* **Requirement**
Omit images. Retype all entries verbatim.

[Records drawn from a dataset]
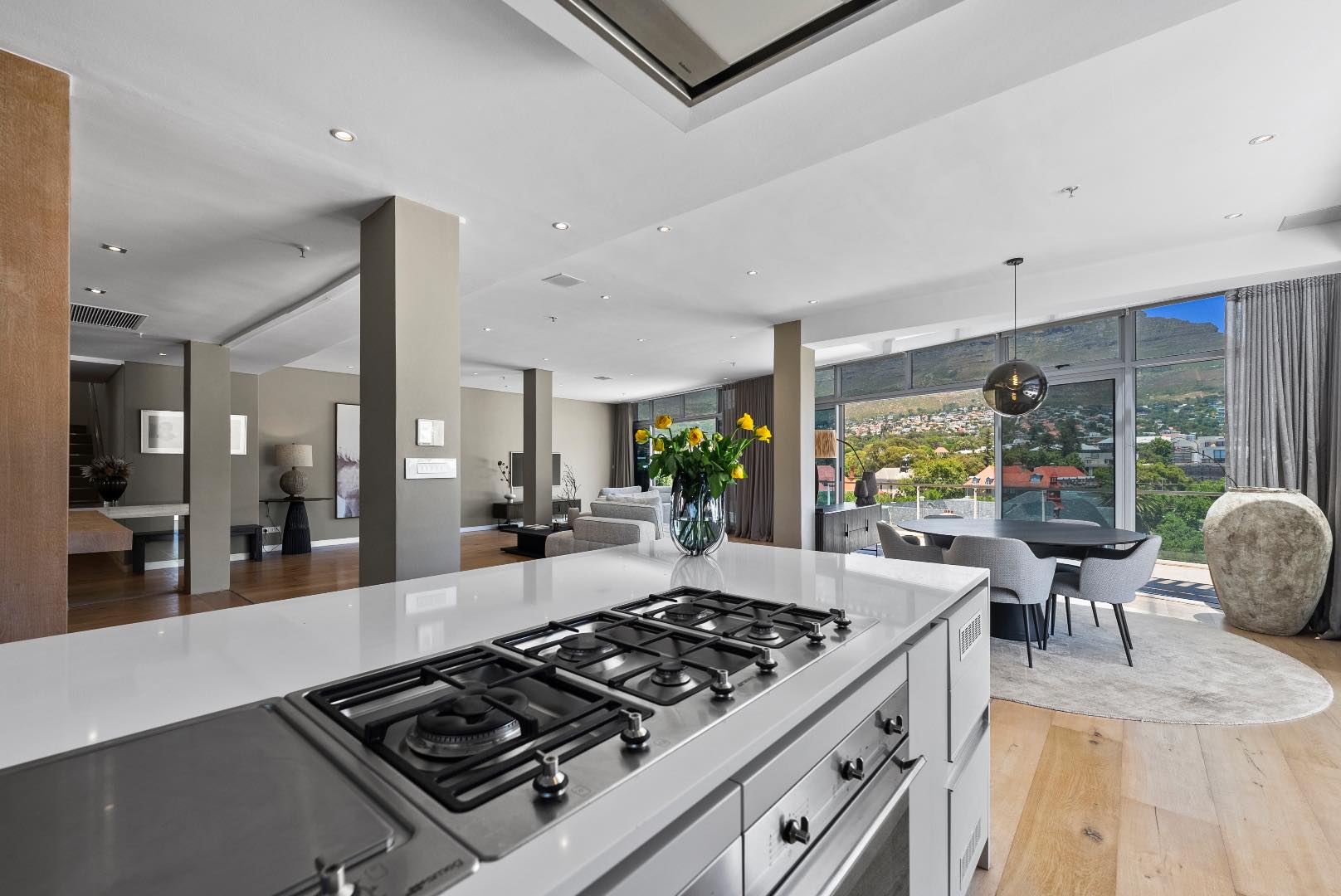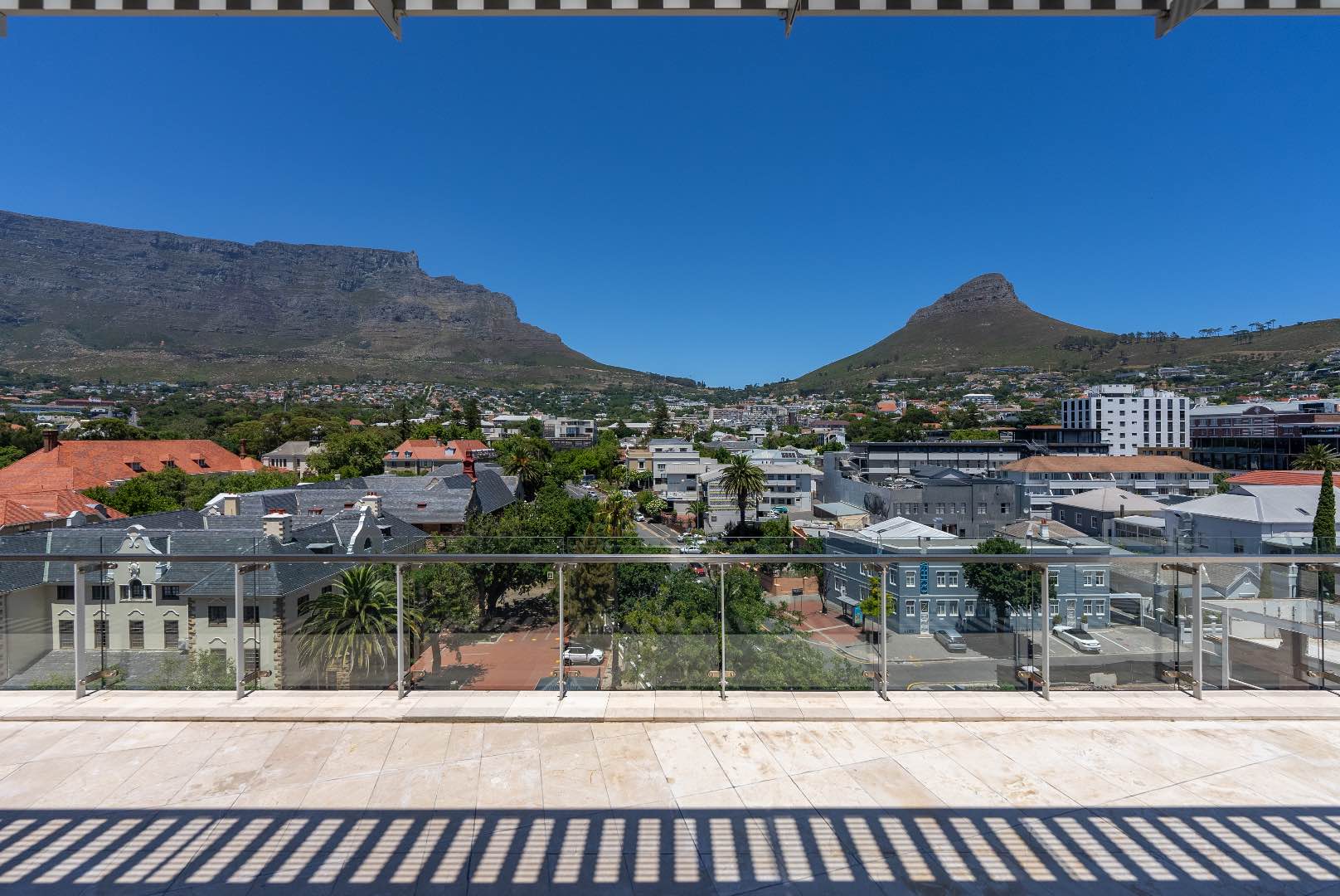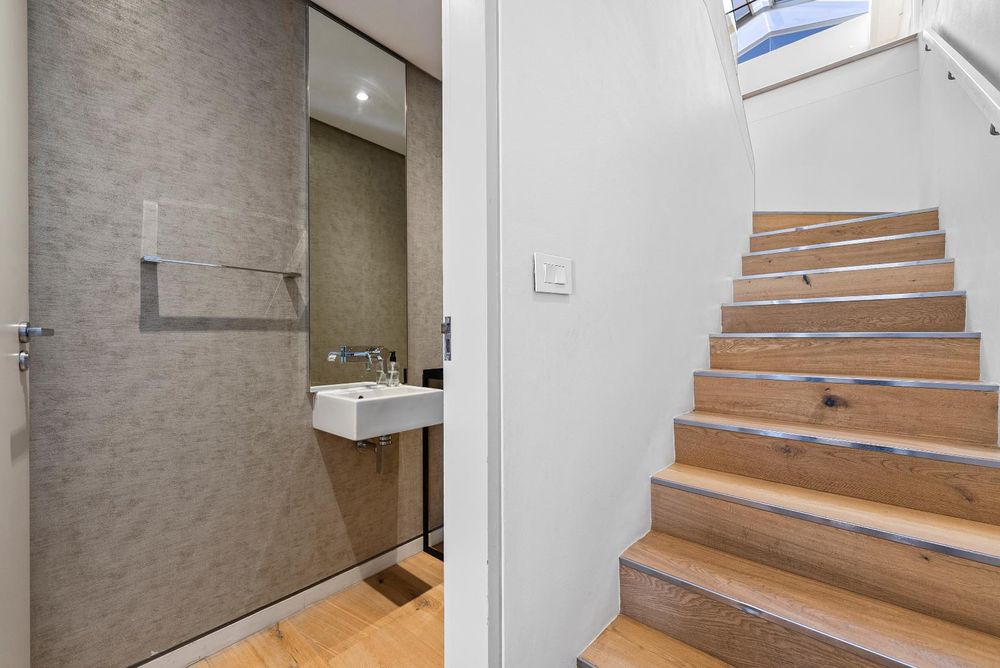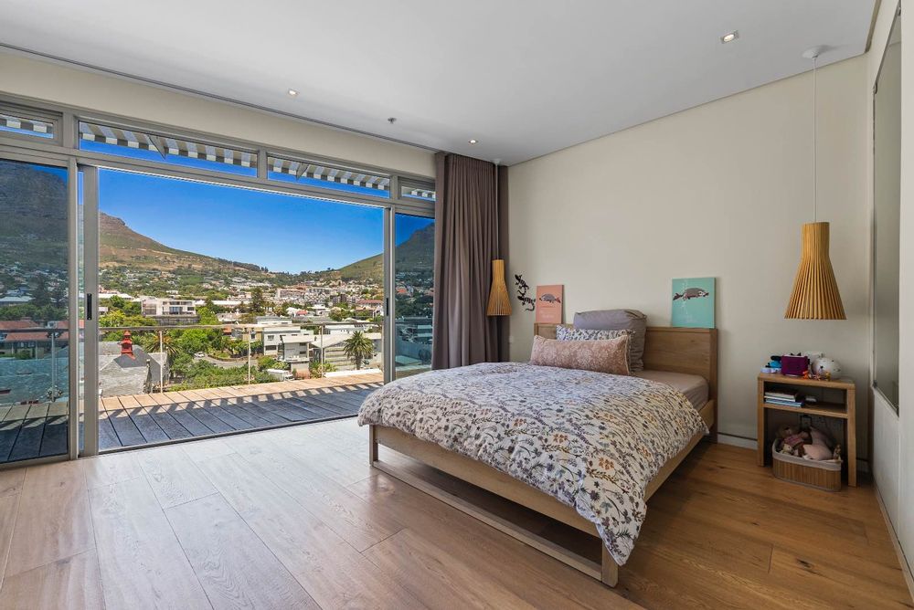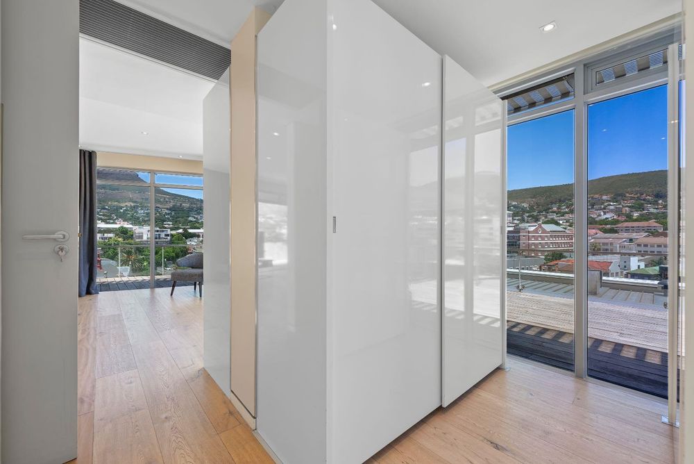 Upstairs hosts 3 spacious en-suite bedrooms (two of these suites have their own dressing rooms). All the bedrooms flow out onto a balau patio with infinity glass balustrades that span the entire length of the apartment, allowing one to savour the rich vistas of Table Mountain & Lions Head from every bedroom.
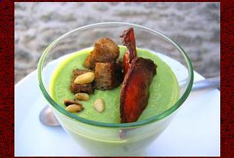 5. Verser le velouté glacé dans des coupelles et décorer de rondelles de chorizo, de croûtons et de pignons.
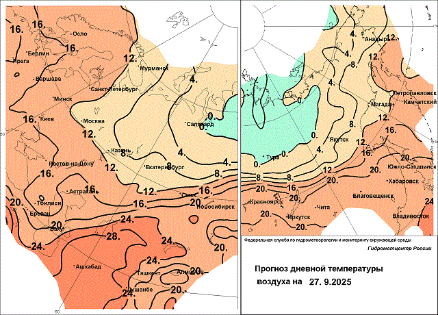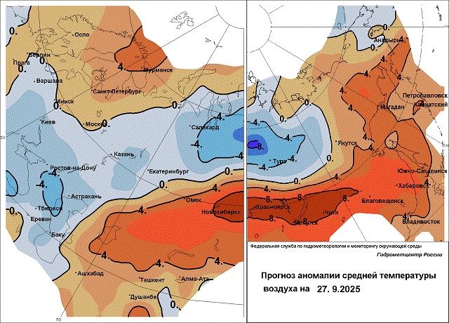 А вот в южных районах Сибири, куда ещё не добрался холод, температура воздуха будет намного превышать значения, свойственные этому периоду. 26 сентября аномалия максимальной температуры составит от +6 градусов в Тыве до +12 градусов Новосибирской и +13 градусов в Иркутской областях. Столбики термометров днём поднимутся от +18…+23 в Центральных районах Красноярского края до +22…+28 градусов в юго-западных областях Сибири. Исключение составят Омская и Томская области, куда начнёт поступать холодный воздух уже завтра, а термометры покажут не выше +11…+16 градусов в Томской области. К 28 сентября в некоторых областях в дневные часы значительно похолодает: в Томской области до +1…+6 градусов, в Омской области и центральных районах Красноярского края до +8…+13 градусов, в Новосибирской и Кемеровской областях до +12…+17 градусов. На Алтае, в южных районах Красноярского края, Хакасии еще сохранятся летние +22…+27 градусов, в Тыве +18…+23 градуса.
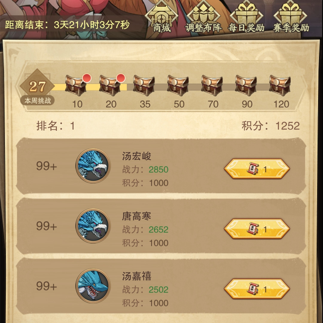 1、每次可以看到3个可挑战的对象,每个挑战的对象都会看到他的积分和战力,因此大家可根据自身战力去选择挑战对象
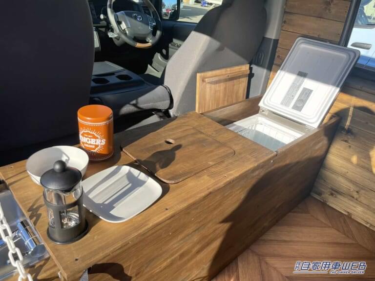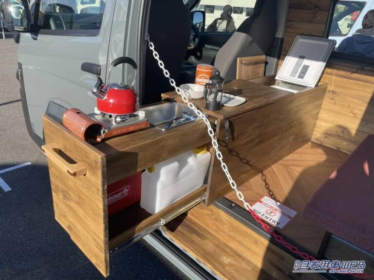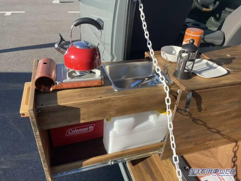 車内前部にはスライド式のキッチンカウンターが設置されている。
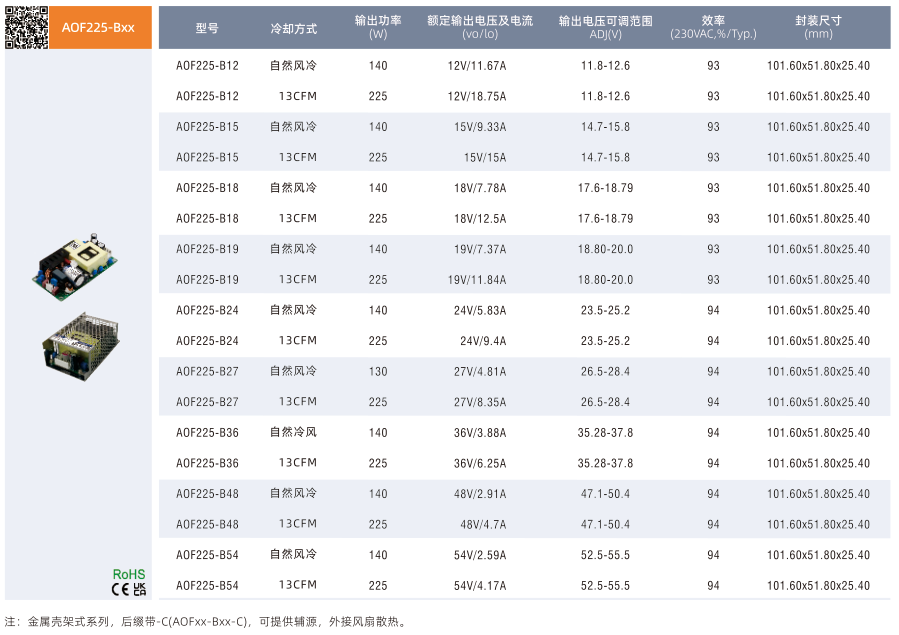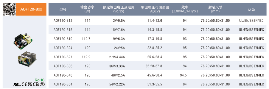 開關電源高功率密度型帶PFC AOF系列(120-750W)
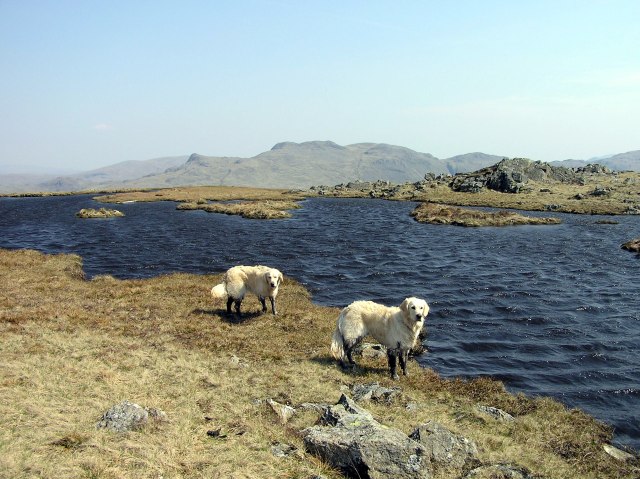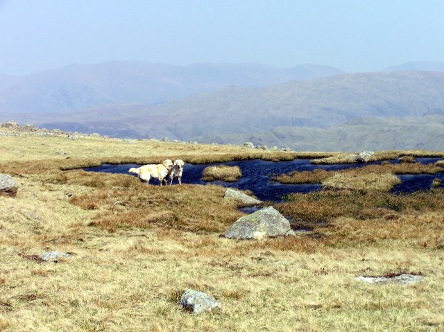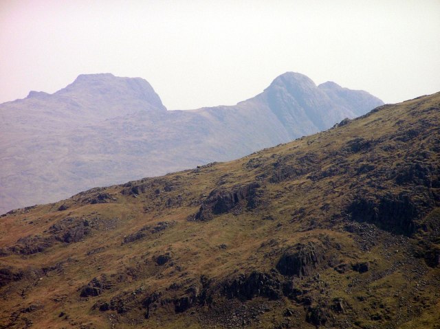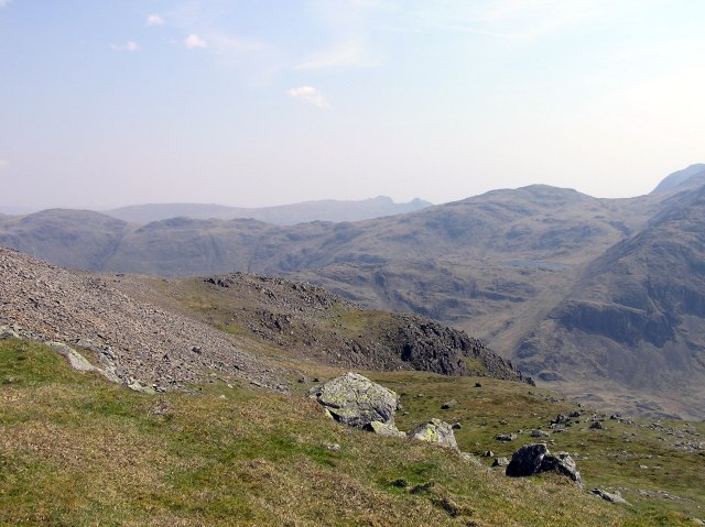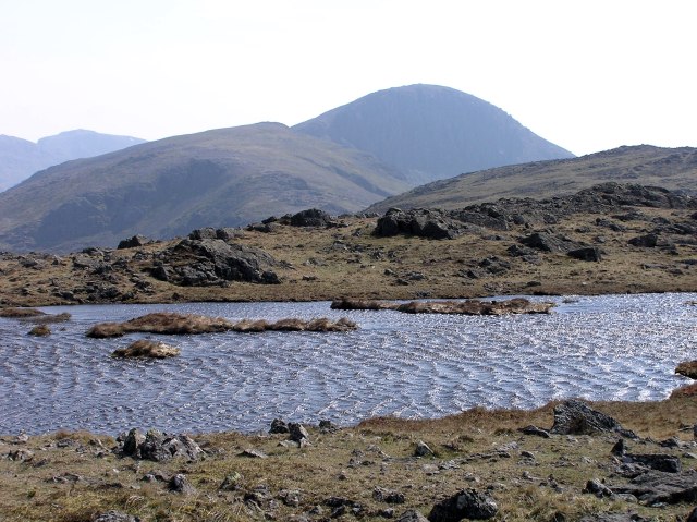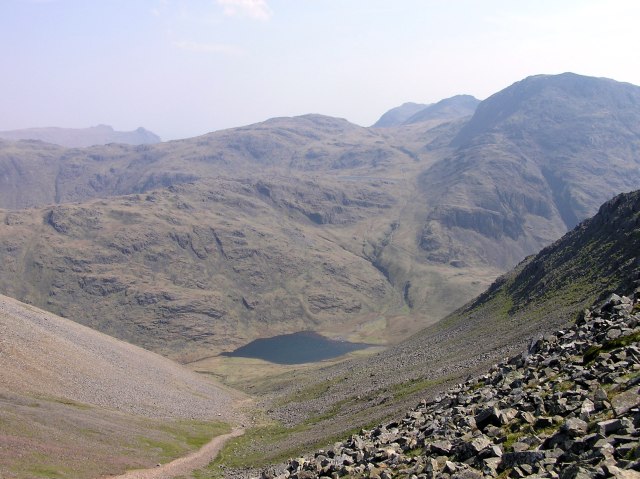 Styhead Tarn, a glimpse of Sprinkling Tarn and Great End with Bow Fell in behind. Far left in the distance the Langdale Pikes.

* **Reply to the exercise**
 Upstairs hosts 3 spacious en-suite bedrooms (two of these suites have their own dressing rooms). All the bedrooms flow out onto a balau patio with infinity glass balustrades that span the entire length of the apartment, allowing one to savour the rich vistas of Table Mountain & Lions Head from every bedroom.
 5. Verser le velouté glacé dans des coupelles et décorer de rondelles de chorizo, de croûtons et de pignons.
 А вот в южных районах Сибири, куда ещё не добрался холод, температура воздуха будет намного превышать значения, свойственные этому периоду. 26 сентября аномалия максимальной температуры составит от +6 градусов в Тыве до +12 градусов Новосибирской и +13 градусов в Иркутской областях. Столбики термометров днём поднимутся от +18…+23 в Центральных районах Красноярского края до +22…+28 градусов в юго-западных областях Сибири. Исключение составят Омская и Томская области, куда начнёт поступать холодный воздух уже завтра, а термометры покажут не выше +11…+16 градусов в Томской области. К 28 сентября в некоторых областях в дневные часы значительно похолодает: в Томской области до +1…+6 градусов, в Омской области и центральных районах Красноярского края до +8…+13 градусов, в Новосибирской и Кемеровской областях до +12…+17 градусов. На Алтае, в южных районах Красноярского края, Хакасии еще сохранятся летние +22…+27 градусов, в Тыве +18…+23 градуса.
 1、每次可以看到3个可挑战的对象,每个挑战的对象都会看到他的积分和战力,因此大家可根据自身战力去选择挑战对象
 車内前部にはスライド式のキッチンカウンターが設置されている。
 開關電源高功率密度型帶PFC AOF系列(120-750W)
 Styhead Tarn, a glimpse of Sprinkling Tarn and Great End with Bow Fell in behind. Far left in the distance the Langdale Pikes.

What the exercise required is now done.